(Material supplied):
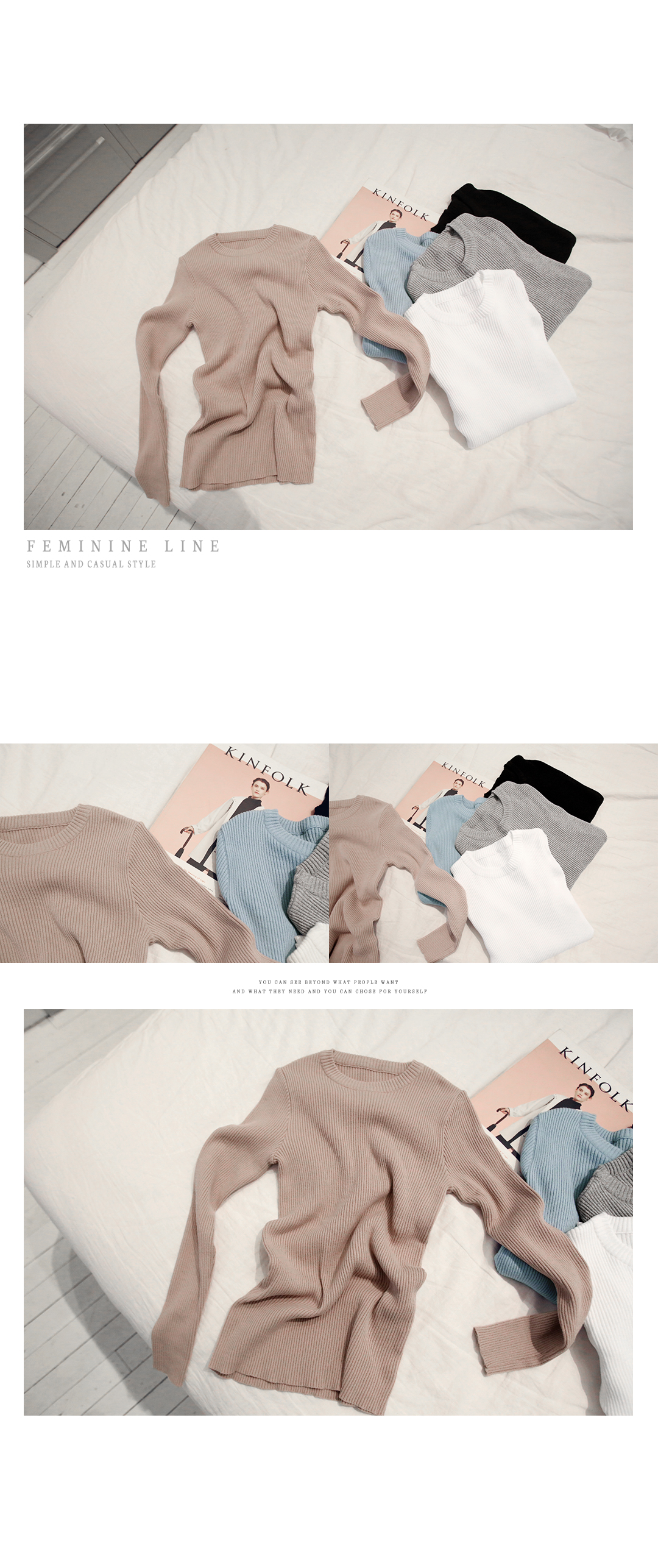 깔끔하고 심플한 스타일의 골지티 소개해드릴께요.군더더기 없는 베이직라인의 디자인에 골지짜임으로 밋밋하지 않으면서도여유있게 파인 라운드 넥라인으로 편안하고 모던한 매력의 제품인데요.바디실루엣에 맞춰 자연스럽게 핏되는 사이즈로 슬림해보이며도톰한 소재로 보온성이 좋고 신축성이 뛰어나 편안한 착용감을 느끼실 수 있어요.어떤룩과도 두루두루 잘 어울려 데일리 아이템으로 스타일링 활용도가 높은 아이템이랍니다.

==

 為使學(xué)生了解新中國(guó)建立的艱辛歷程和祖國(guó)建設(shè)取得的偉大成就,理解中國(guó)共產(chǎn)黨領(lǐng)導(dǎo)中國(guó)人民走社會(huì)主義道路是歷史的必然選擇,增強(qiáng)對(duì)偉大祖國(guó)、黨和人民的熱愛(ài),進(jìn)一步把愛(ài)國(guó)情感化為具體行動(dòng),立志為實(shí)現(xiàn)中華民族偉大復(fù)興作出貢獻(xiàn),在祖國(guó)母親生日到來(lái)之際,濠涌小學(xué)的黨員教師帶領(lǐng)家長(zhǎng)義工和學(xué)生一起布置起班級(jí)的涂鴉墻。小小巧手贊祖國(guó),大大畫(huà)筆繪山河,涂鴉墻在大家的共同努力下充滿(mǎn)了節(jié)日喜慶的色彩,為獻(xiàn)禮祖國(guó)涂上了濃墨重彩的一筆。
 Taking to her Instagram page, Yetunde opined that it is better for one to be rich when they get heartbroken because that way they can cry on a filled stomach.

(What the task asks):
Word for word, restate the lines of the listing above starting at the line with "為使學(xué)生了解新中國" and ending at the line with "Taking to her", and nothing outside them.

(Response to the task):
 為使學(xué)生了解新中國(guó)建立的艱辛歷程和祖國(guó)建設(shè)取得的偉大成就,理解中國(guó)共產(chǎn)黨領(lǐng)導(dǎo)中國(guó)人民走社會(huì)主義道路是歷史的必然選擇,增強(qiáng)對(duì)偉大祖國(guó)、黨和人民的熱愛(ài),進(jìn)一步把愛(ài)國(guó)情感化為具體行動(dòng),立志為實(shí)現(xiàn)中華民族偉大復(fù)興作出貢獻(xiàn),在祖國(guó)母親生日到來(lái)之際,濠涌小學(xué)的黨員教師帶領(lǐng)家長(zhǎng)義工和學(xué)生一起布置起班級(jí)的涂鴉墻。小小巧手贊祖國(guó),大大畫(huà)筆繪山河,涂鴉墻在大家的共同努力下充滿(mǎn)了節(jié)日喜慶的色彩,為獻(xiàn)禮祖國(guó)涂上了濃墨重彩的一筆。
 Taking to her Instagram page, Yetunde opined that it is better for one to be rich when they get heartbroken because that way they can cry on a filled stomach.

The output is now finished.